EVENT1         : Event name for fprobe. If omitted, the event name is
                 "SYM__entry" or "SYM__exit".
EVENT2         : Event name for tprobe. If omitted, the event name is
                 the same as "TRACEPOINT", but if the "TRACEPOINT" starts
                 with a digit character, "_TRACEPOINT" is used.
MAXACTIVE      : Maximum number of instances of the specified function that
                 can be probed simultaneously, or 0 for the default value
                 as defined in Documentation/trace/fprobe.rst

FETCHARGS      : Arguments. Each probe can have up to 128 args.
 ARG           : Fetch "ARG" function argument using BTF (only for function
                 entry or tracepoint.) (\*1)
 @ADDR         : Fetch memory at ADDR (ADDR should be in kernel)
 @SYM[+|-offs] : Fetch memory at SYM +|- offs (SYM should be a data symbol)
 $stackN       : Fetch Nth entry of stack (N >= 0)
 $stack        : Fetch stack address.
 $argN         : Fetch the Nth function argument. (N >= 1) (\*2)
 $retval       : Fetch return value.(\*3)
 $comm         : Fetch current task comm.
 +|-[u]OFFS(FETCHARG) : Fetch memory at FETCHARG +|- OFFS address.(\*4)(\*5)
 \IMM          : Store an immediate value to the argument.
 NAME=FETCHARG : Set NAME as the argument name of FETCHARG.
 FETCHARG:TYPE : Set TYPE as the type of FETCHARG. Currently, basic types
                 (u8/u16/u32/u64/s8/s16/s32/s64), hexadecimal types
                 (x8/x16/x32/x64), "char", "string", "ustring", "symbol", "symstr"
                 and bitfield are supported.
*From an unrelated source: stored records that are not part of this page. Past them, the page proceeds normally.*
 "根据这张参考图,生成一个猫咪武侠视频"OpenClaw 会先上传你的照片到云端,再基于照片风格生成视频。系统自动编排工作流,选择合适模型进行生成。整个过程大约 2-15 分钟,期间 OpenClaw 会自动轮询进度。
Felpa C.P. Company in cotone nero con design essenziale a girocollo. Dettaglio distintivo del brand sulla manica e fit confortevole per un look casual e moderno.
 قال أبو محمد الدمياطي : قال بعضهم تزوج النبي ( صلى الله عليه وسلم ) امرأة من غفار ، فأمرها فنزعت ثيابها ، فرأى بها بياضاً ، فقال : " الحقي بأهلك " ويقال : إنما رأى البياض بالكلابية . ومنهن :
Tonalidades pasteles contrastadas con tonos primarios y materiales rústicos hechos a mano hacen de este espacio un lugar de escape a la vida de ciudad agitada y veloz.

 (\*1) This is available only when BTF is enabled.
 (\*2) only for the probe on function entry (offs == 0). Note, this argument access
       is best effort, because depending on the argument type, it may be passed on
       the stack. But this only support the arguments via registers.
 (\*3) only for return probe. Note that this is also best effort. Depending on the
       return value type, it might be passed via a pair of registers. But this only
       accesses one register.
 (\*4) this is useful for fetching a field of data structures.
 (\*5) "u" means user-space dereference.

有关 TYPE 的详细信息,请参阅 kprobetrace 文档

退出时的函数参数

可以使用 $arg<N> fetcharg 在退出探测时访问函数参数。这对于一次记录函数参数和返回值,并跟踪结构字段的差异(用于调试函数是否正确更新了给定的数据结构)很有用。有关其工作原理,请参阅下面的 示例

BTF 参数

BTF (BPF 类型格式) 参数允许用户通过其名称而不是 $argN 来跟踪函数和跟踪点参数。如果内核配置了 CONFIG_BPF_SYSCALL 和 CONFIG_DEBUG_INFO_BTF,则此功能可用。如果用户仅指定 BTF 参数,则事件的参数名称也会自动设置为给定的名称。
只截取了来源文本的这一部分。